» **Provided records**:
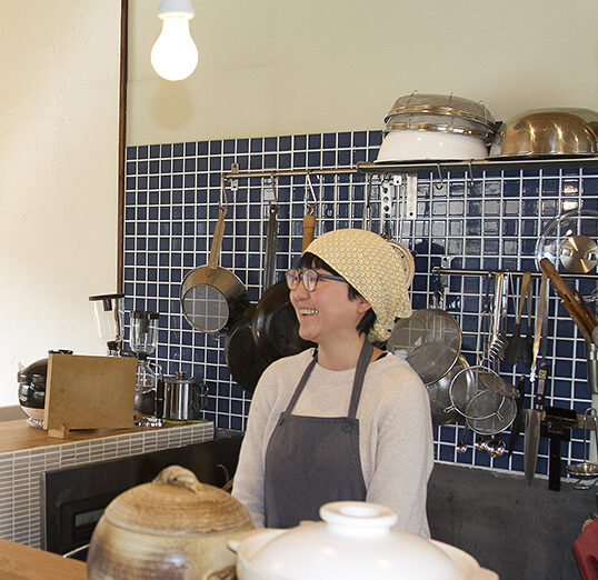 「まるふのお野菜ランチ(1000円)」は主菜、小鉢2品、漬物、ご飯、汁物のセット。この日の主菜は豆乳のシチューでした。にんじんなどの野菜がゴロゴロと大きくたっぷり入っています。そして小鉢は山東菜のおひたし、島で採れたひじきとヤーコンのサラダ。漬物は愛媛の伝統野菜「緋かぶ」の甘酢漬けと滋賀の伝統野菜「日野菜」のさくら漬。ご覧のとおり本当に野菜がたくさん! 「このランチだけで何品目の野菜が摂れるんだろう」と感心してしまうほど健康的なランチです。主菜は季節ごとに変わり、春はハーブのコロッケ、夏は夏野菜の揚げ出しの予定だとか。使われている野菜は自家製なのもポイントです。
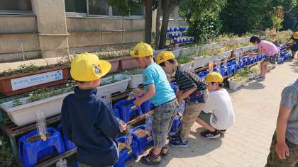 1年生は,先週の金曜日に種をまいたアサガオにお水をあげています。
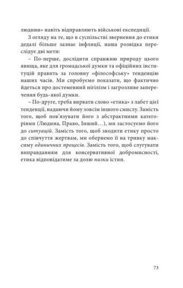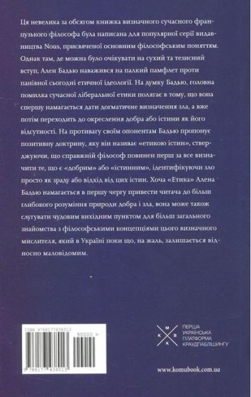 Ця невелика за обсягом книжка визначного сучасного французького філософа була написана для популярної серії видавництва Nous, присвяченої основним філософським поняттям. Однак там, де можна було очікувати на сухий та тезисний вступ, Ален Бадью наважився на палкий памфлет проти панівної сьогодні етичної ідеології. На думку Бадью, головна помилка сучасної ліберальної етики полягає в тому, що вона спершу намагається дати догматичне визначення зла, а вже потім переходить до окреслення добра або істини як його відсутності. На противагу своїм опонентам Бадью пропонує позитивну доктрину, яку він називає "етикою істин", стверджуючи, що справжній філософ повинен перш за все визначити те, що є "добрим" або "істинним", ідентифікуючи зло просто як зраду або відхід від цих істин.
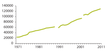 Figur 3.4 Årsverk i omsorgstjenesten 1971–2011
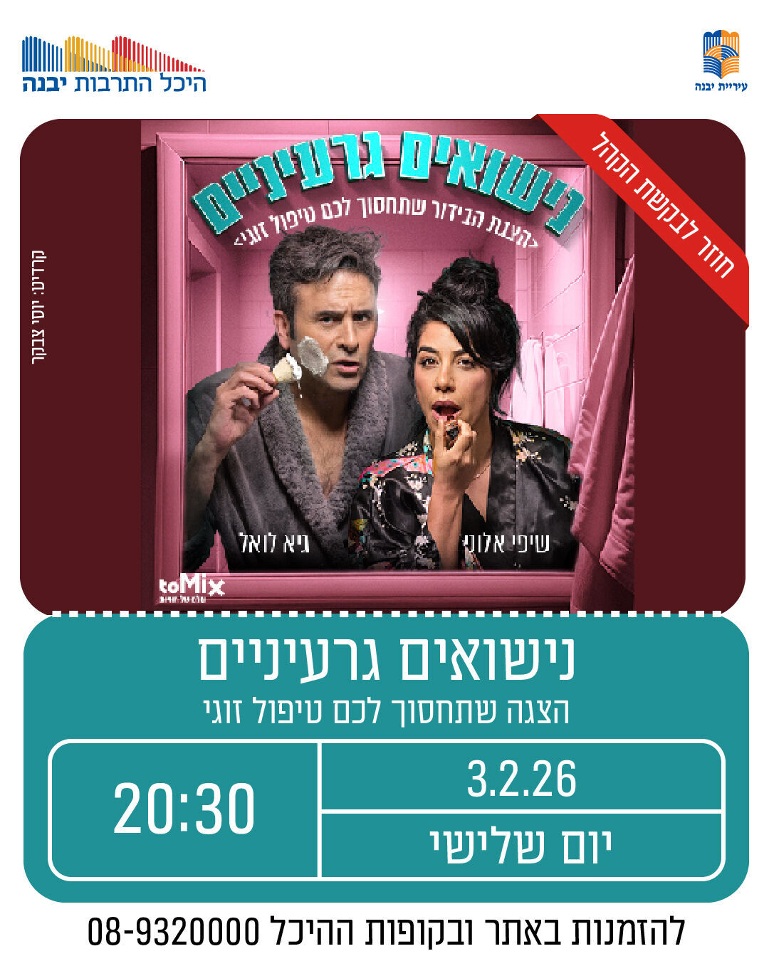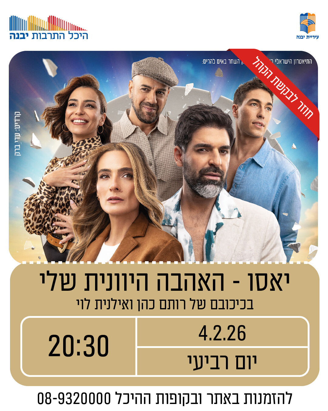 השבוע בהיכל התרבות יבנה: הקומדיה "מי בעד" של תיאטרון הקאמרי, חזרתן של ההצגות "נישואים גרעיניים" ו"יאסו" ומופע לילדים עם רועיקי מצחיקי
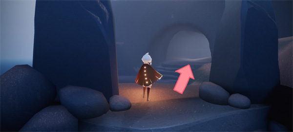 2、進入到這個地圖中之后,我們就需要往前走,可以看到門后右邊會有一個山洞樓梯,走進去;

» **Aim of the exercise**:
Your reply must hold only the lines from the line containing "השבוע בהיכל התרבות" through the end of the records above, written out exactly, both ends included, with no pictures, please.

» **Task solution**:
 השבוע בהיכל התרבות יבנה: הקומדיה "מי בעד" של תיאטרון הקאמרי, חזרתן של ההצגות "נישואים גרעיניים" ו"יאסו" ומופע לילדים עם רועיקי מצחיקי
 2、進入到這個地圖中之后,我們就需要往前走,可以看到門后右邊會有一個山洞樓梯,走進去;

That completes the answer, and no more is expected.